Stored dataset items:
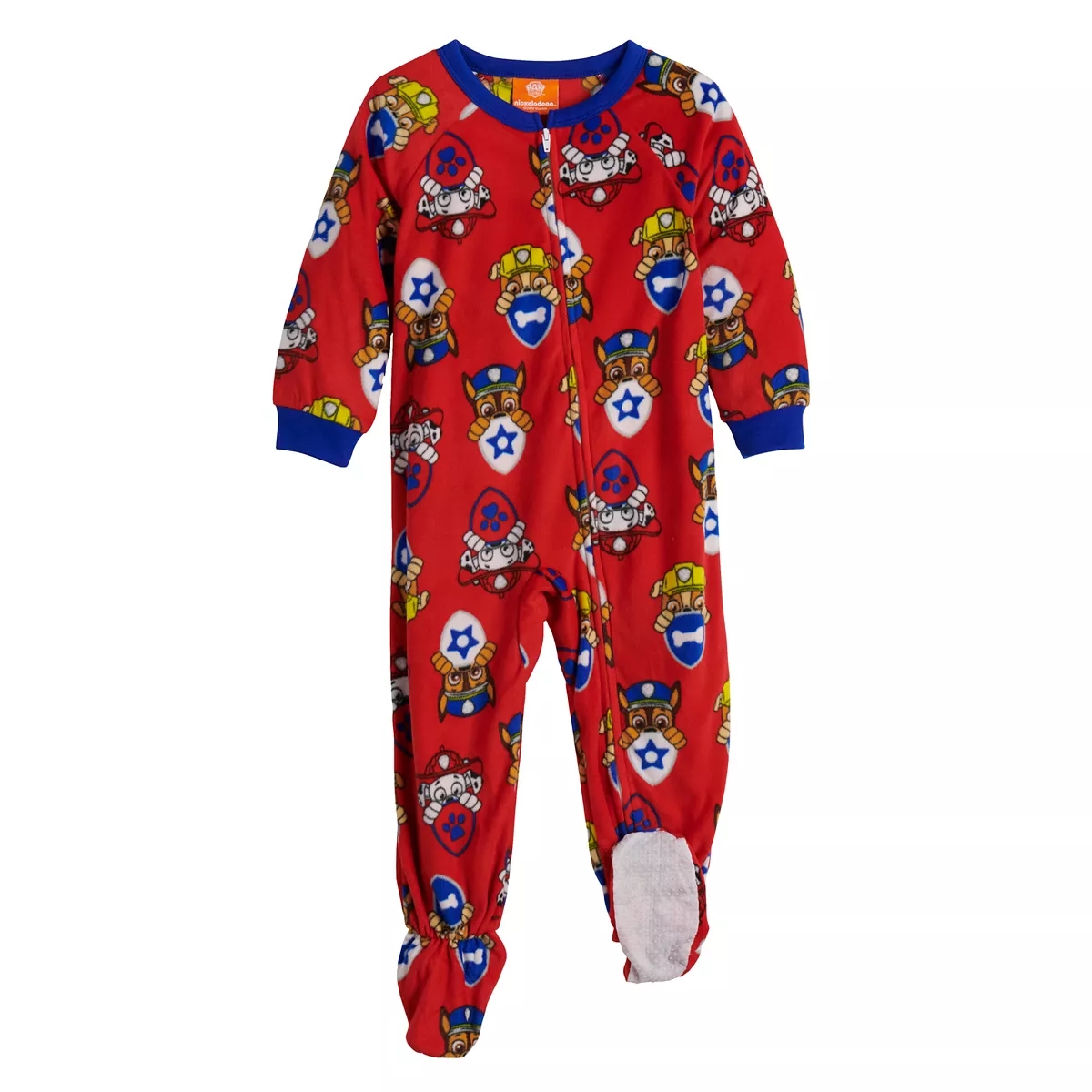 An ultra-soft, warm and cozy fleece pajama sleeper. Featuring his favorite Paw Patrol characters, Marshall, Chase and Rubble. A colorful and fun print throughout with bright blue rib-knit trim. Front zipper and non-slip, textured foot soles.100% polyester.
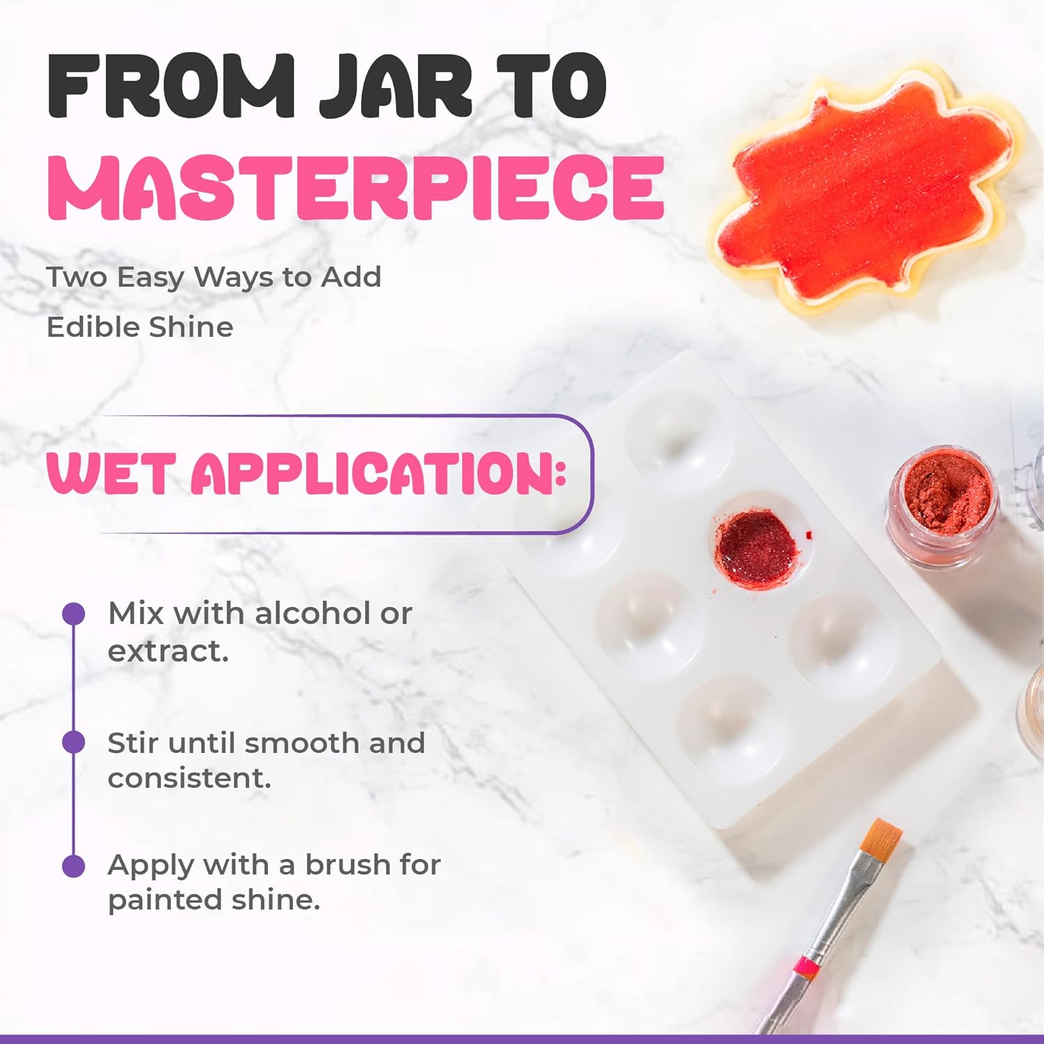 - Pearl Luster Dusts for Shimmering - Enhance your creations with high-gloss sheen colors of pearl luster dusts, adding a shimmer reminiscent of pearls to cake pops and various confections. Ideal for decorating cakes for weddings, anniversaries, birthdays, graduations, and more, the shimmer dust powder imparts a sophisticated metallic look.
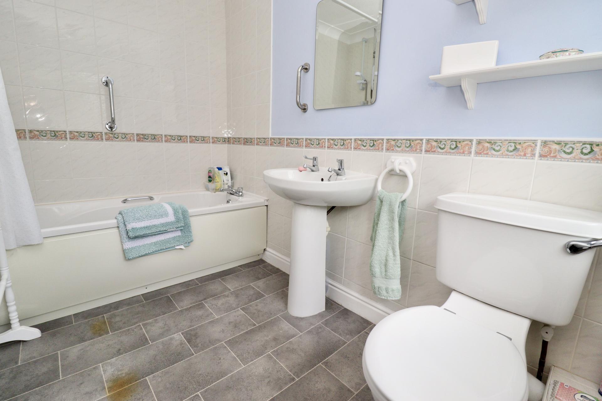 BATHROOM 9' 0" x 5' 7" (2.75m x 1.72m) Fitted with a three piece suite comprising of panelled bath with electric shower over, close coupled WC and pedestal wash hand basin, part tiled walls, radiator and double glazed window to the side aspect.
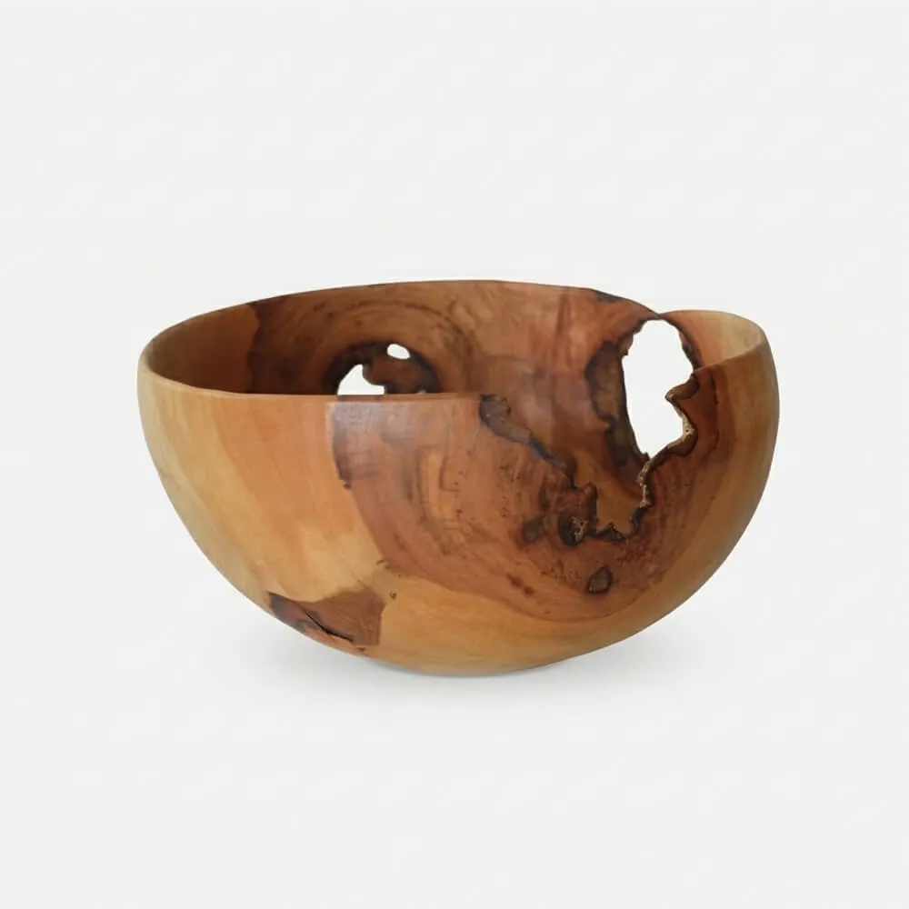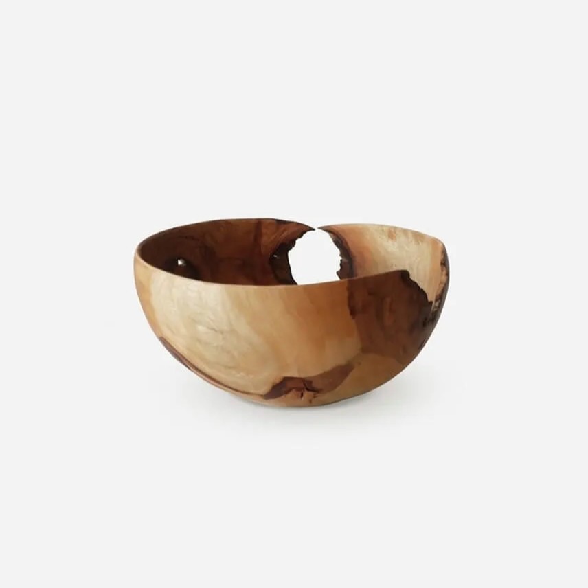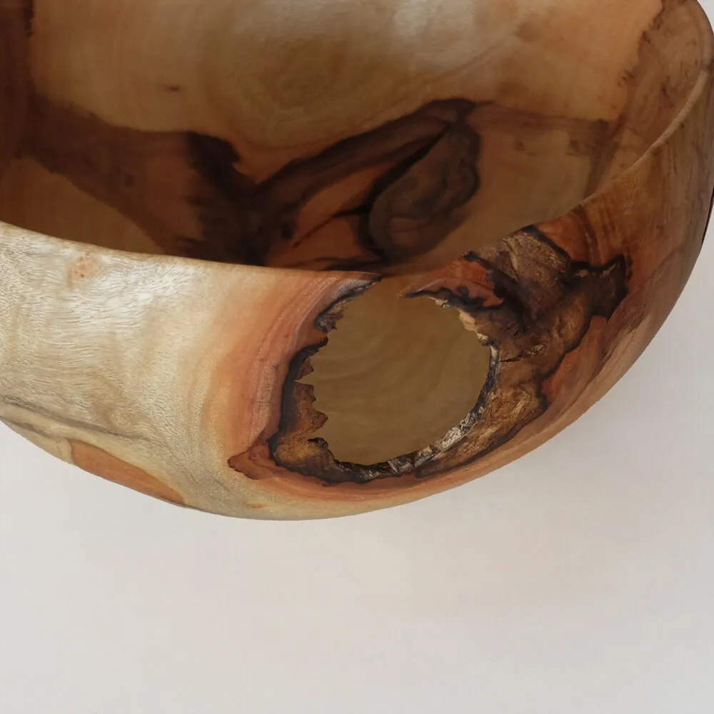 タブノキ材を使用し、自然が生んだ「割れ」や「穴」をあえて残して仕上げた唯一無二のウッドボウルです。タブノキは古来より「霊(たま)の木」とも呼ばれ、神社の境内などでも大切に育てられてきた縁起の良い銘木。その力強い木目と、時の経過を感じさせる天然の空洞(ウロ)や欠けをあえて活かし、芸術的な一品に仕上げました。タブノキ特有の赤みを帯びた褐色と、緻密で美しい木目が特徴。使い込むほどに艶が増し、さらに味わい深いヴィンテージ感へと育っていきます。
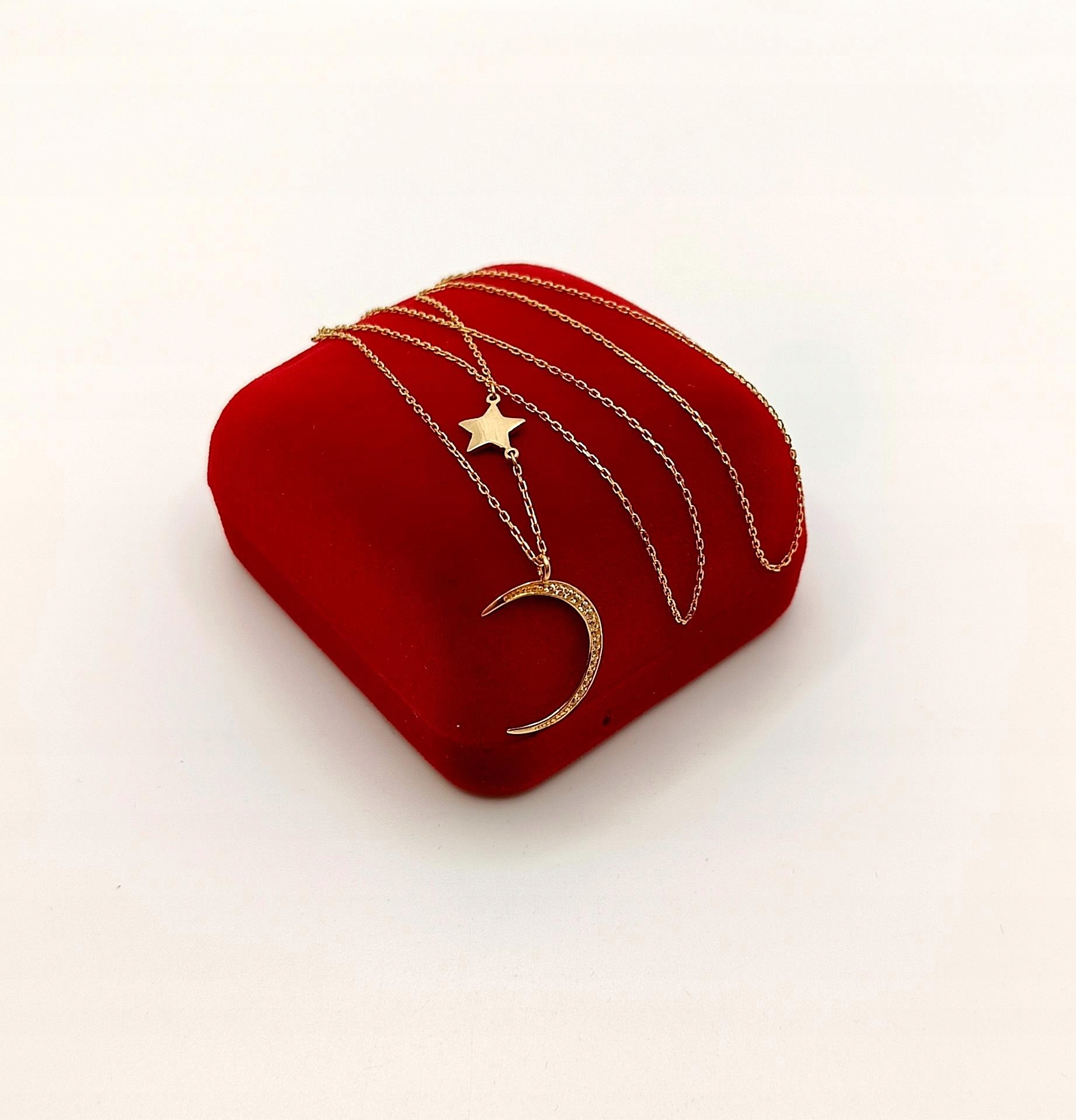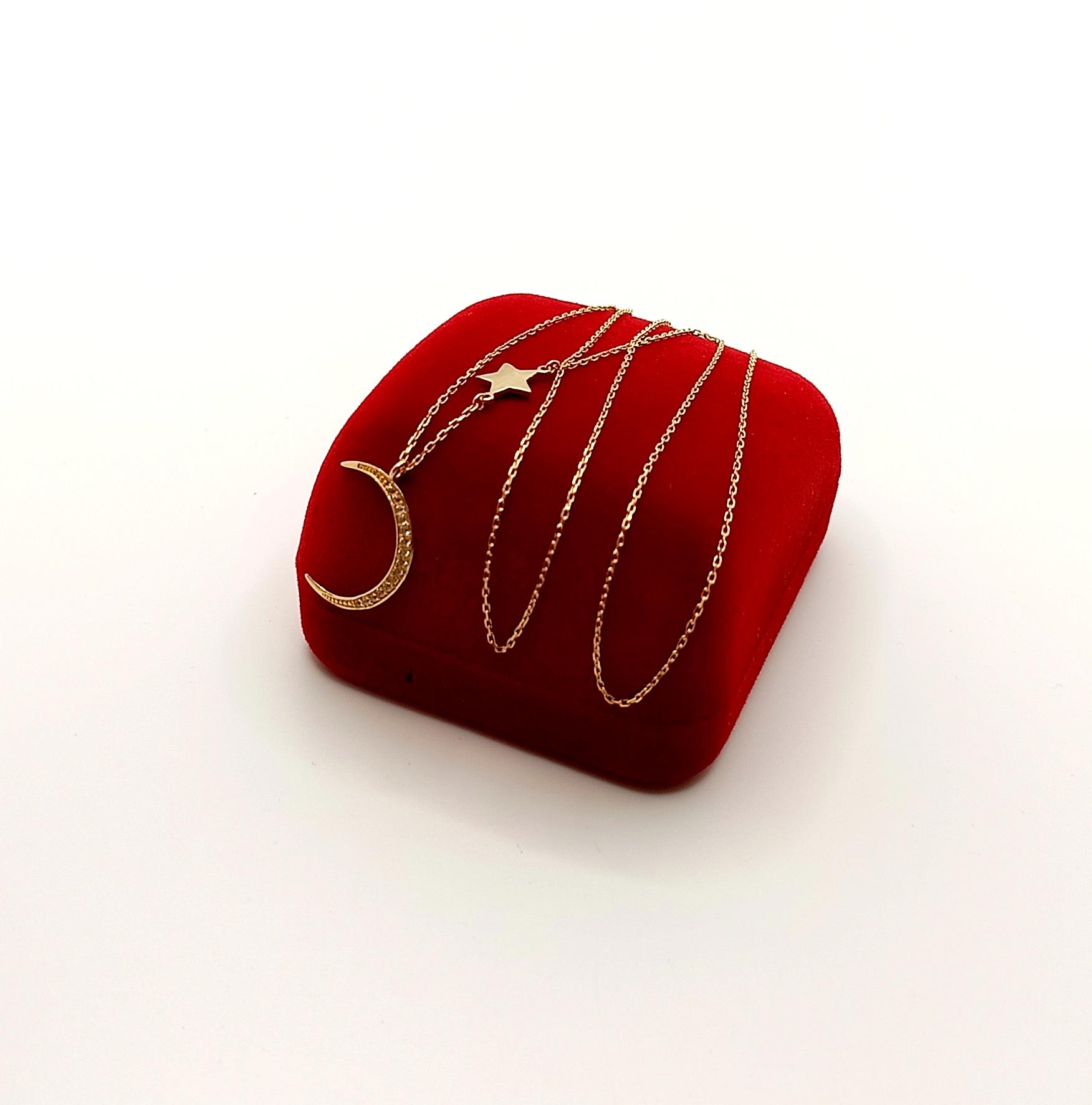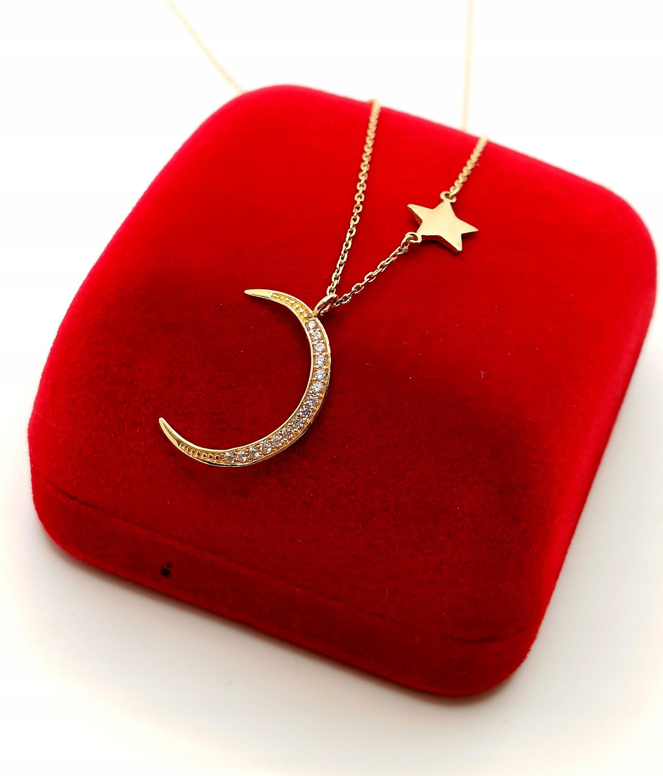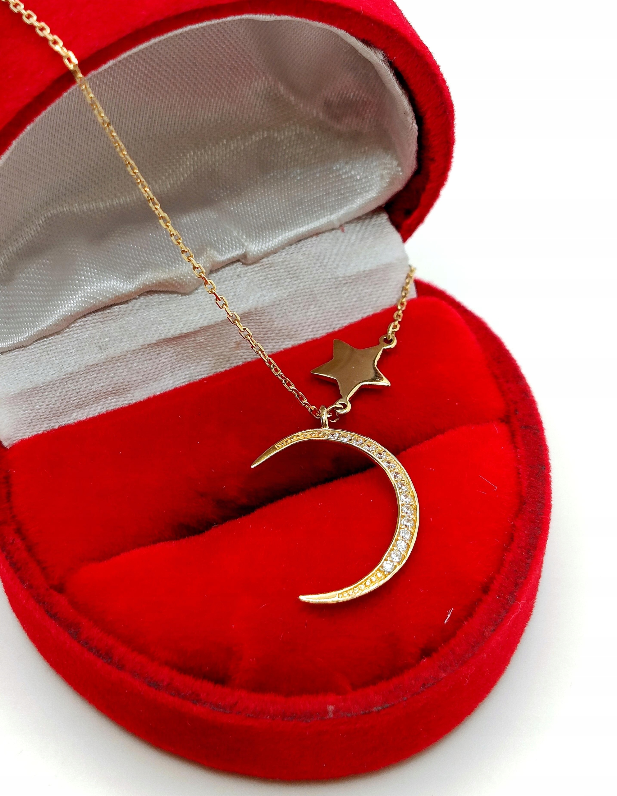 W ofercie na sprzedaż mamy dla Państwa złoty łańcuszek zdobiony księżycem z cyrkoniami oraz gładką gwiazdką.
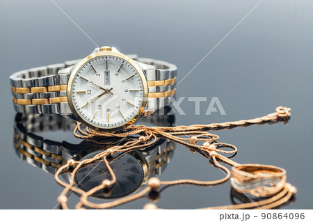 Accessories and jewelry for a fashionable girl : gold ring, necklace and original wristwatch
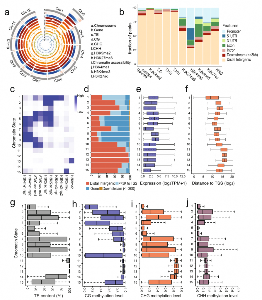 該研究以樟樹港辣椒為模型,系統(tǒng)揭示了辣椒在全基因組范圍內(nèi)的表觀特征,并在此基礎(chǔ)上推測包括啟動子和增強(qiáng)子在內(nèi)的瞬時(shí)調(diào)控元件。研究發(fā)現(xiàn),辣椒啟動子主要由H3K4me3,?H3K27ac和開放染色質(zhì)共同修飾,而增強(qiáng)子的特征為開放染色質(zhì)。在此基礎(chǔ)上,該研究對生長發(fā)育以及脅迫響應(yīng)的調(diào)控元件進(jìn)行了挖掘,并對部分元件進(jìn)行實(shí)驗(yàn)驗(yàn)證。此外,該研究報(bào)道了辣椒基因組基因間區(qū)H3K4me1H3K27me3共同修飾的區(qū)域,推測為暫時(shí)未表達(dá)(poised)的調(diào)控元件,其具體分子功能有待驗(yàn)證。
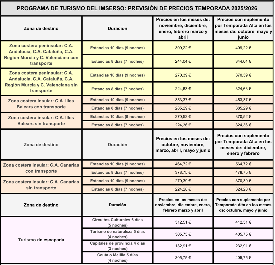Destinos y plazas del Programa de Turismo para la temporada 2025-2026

Assigned task
Transcribe exactly the lines from the one containing "該研究以樟樹港辣椒為模型,系" through the last line of the records above, and nothing else. Leave out the pictures.

Answer section
 該研究以樟樹港辣椒為模型,系統(tǒng)揭示了辣椒在全基因組范圍內(nèi)的表觀特征,并在此基礎(chǔ)上推測包括啟動子和增強(qiáng)子在內(nèi)的瞬時(shí)調(diào)控元件。研究發(fā)現(xiàn),辣椒啟動子主要由H3K4me3,?H3K27ac和開放染色質(zhì)共同修飾,而增強(qiáng)子的特征為開放染色質(zhì)。在此基礎(chǔ)上,該研究對生長發(fā)育以及脅迫響應(yīng)的調(diào)控元件進(jìn)行了挖掘,并對部分元件進(jìn)行實(shí)驗(yàn)驗(yàn)證。此外,該研究報(bào)道了辣椒基因組基因間區(qū)H3K4me1H3K27me3共同修飾的區(qū)域,推測為暫時(shí)未表達(dá)(poised)的調(diào)控元件,其具體分子功能有待驗(yàn)證。
Destinos y plazas del Programa de Turismo para la temporada 2025-2026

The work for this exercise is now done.